Use mysql_pquery to fetch a lot of data at the same time, like at player login. Imagine if you did a fresh server restart and suddenly dozens of users are logging in simultaneously. You'll probably see a performance improvement there if comparing to mysql_tquery.
For everything else you really should be using mysql_tquery, because of various performance-related reasons (mainly locks).
I did a small comparison between pquery and tquery, and got some nice results. (running MariaDB with InnoDB; script I've used + logs here; pool size = 4; table has 300k entries)
I've basically sent one big update query which was working without using the primary index, and three insert queries after that, each one creating three entries.

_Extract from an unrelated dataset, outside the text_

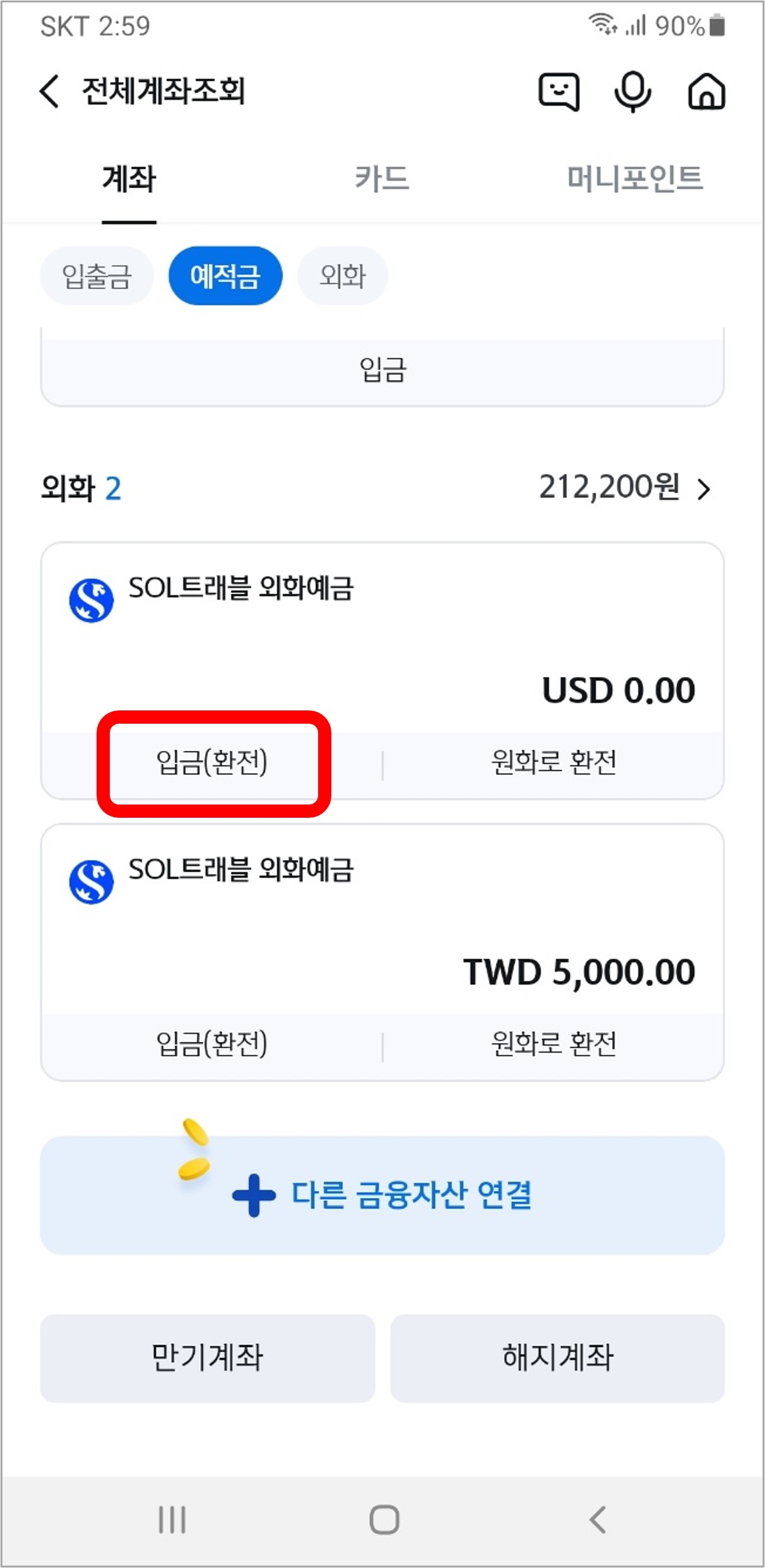 쏠뱅크 앱에서 전체계좌 목록을 보시면, SOL트래블 외화예금 계좌가 있습니다. 입금(환전)을 선택합니다.

insert query time with tquery: steady ~4ms
insert query time with pquery: ranging from 4 - 10ms
More than doubled insert query execution time in the worst case. Moreover, you can speed up the tquery inserts by using a transaction, which takes down execution speed from ~12ms (3*4ms) to ~6ms. Transactions don't work with mysql_pquery, so there's nothing you could improve there.

That's a very synthetic example of course. You can use mysql_pquery and generally don't notice anything if you're running on good hardware. I've run that example on a PC with an SSD and a powerful CPU. 4 milliseconds more or less don't really mean anything. But if you really care for performance, use the advice I've given at the beginning: mysql_pquery to load a lot of data concurrently, mysql_tquery for everything else.